■ What you need to do
Using the records below, write out again exactly the lines that begin at the line containing "Pełna data składa" and end at the line containing "本场比赛,延边龙鼎主场积雪严重,草坪都被染成了白色。", and no other lines.

■ Source information
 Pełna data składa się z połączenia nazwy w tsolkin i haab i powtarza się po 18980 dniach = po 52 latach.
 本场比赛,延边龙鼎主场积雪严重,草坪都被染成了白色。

--

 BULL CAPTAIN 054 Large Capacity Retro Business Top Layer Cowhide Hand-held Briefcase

■ Task solution
 Pełna data składa się z połączenia nazwy w tsolkin i haab i powtarza się po 18980 dniach = po 52 latach.
 本场比赛,延边龙鼎主场积雪严重,草坪都被染成了白色。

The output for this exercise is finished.